## Activity
Nothing outside the range is to be copied. From the entries below, reproduce exactly the lines starting at the one with "HMM 컨테이너선 모형 |" and ending at the one with "2. 종합소득세 신고", without pictures.

======== Material for this exercise

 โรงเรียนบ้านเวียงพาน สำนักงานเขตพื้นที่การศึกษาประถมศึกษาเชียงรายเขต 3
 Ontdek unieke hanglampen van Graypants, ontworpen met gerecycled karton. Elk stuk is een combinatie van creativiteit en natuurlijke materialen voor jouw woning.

================
======== Material for this exercise

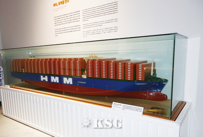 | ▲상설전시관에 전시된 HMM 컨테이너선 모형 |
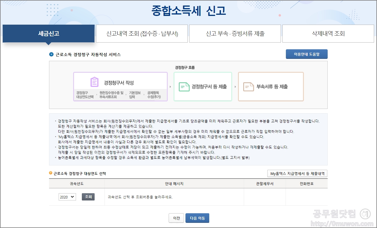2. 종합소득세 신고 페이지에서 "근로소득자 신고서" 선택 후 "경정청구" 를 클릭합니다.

================

## Solution
 | ▲상설전시관에 전시된 HMM 컨테이너선 모형 |
2. 종합소득세 신고 페이지에서 "근로소득자 신고서" 선택 후 "경정청구" 를 클릭합니다.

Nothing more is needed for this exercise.